Часть 2 из 19 В начало
Для доступа к библиотеке пройдите авторизацию
— Теперь вам есть чем писать воспоминания! — пошутил директор.
— Воспоминаний у меня хватает, — отозвался про себя Путифар, — но я найду им другое применение… — и сунул ручку в карман пиджака.
В завершение веселья распили две бутылки шампанского, закусывая мини-пиццами и печеньем. Виновник торжества сам исполнял обязанности официанта. Он лучше чувствовал себя, когда ему было чем занять свои неимоверно длинные руки, которые он никогда не знал куда деть в подобных ситуациях. «Осталось всего тридцать минут… двадцать…» — ободрял он себя. Болтовня раздражала его, все спрашивали одно и то же:
— Чем займешься на досуге, Робер?
— А не заскучаешь?
— Странное у тебя, наверно, ощущение?
— Заглядывать-то к нам будешь, а?
Чем он займется на досуге, Путифар уже знал, и скука ему никак не грозила! Только здесь об этом лучше было помалкивать…
В 18 часов, пожелав друг другу хороших каникул, стали расходиться. «Всего десять минут… всего пять…» — изнывал от нетерпения Путифар, пожимая последние руки, чмокая последние щеки. Он помог уборщицам привести в порядок учительскую и в 18.15 вышел один из опустевшей школы. Бросил последний взгляд на этот двор, по которому вышагивал тридцать семь лет, на старые липы, которые на его глазах тридцать семь раз зацветали и тридцать семь раз облетали, на серые стены, на задернутые шторами окна своего класса — вон там, на третьем этаже. Повернулся ко всему этому спиной и, нагруженный огромным букетом, направился к парковке, где ждала его старенькая желтая малолитражка. Он сел за руль и повернул ключ зажигания. Как всегда, сами собой заработали дворники, и он крепко стукнул по приборному щитку, чтобы их остановить. Поравнявшись с мусорным контейнером, стоявшим пониже дороги у реки, он убедился, что никто сверху не может его увидеть, и без всякого сожаления зашвырнул в него необъятный букет. Потом, повинуясь внезапному порыву, подхватил с заднего сиденья старый кожаный портфель, который тридцать семь лет оттягивал ему правую руку, и вернулся к контейнеру. Колебался он не больше пяти секунд — и портфель присоединился к цветам среди зловонного мусора. Путифар запихал его поглубже, захлопнул крышку и отряхнул руки. Гора с плеч!

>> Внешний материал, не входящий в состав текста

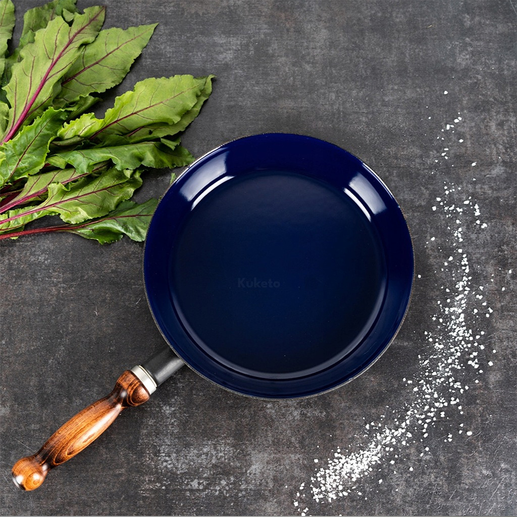 Emalia nie wchodzi w reakcje z żywnością, dlatego nie zmienia smaku ani zapachu potraw. Ponadto jest antyalergiczna i nie zawiera szkodliwych substancji, co czyni patelnię bezpiecznym wyborem dla całej rodziny. Gładka powierzchnia ułatwia czyszczenie, a jednocześnie zapobiega przywieraniu resztek jedzenia. Dzięki temu patelnia zachowuje estetyczny wygląd przez długi czas.

Он поехал дальше вдоль берега, потом на светофоре свернул налево. Через десять минут выехал на широкий бульвар Гамбетта. Он остановил машину перед домом 80 — солидным зданием начала века с балконами ажурной ковки, глядящими на каштаны парка по ту сторону бульвара. По навощенной лестнице поднялся, отдуваясь, на четвертый этаж и вошел в просторную квартиру, где родился почти шестьдесят лет назад и жил до сих пор.
Он повесил пиджак на вешалку в прихожей, прошел в гостиную, тщательно отмерил себе порцию виски и булькнул в него пару кубиков льда. Со стаканом в руке он обрушил свои сто тридцать семь кило на диван в крупных розовых цветах и с огромным облегчением выдохнул: наконец-то всё!
— Ты пришел? — окликнул его издалека дрожащий голос.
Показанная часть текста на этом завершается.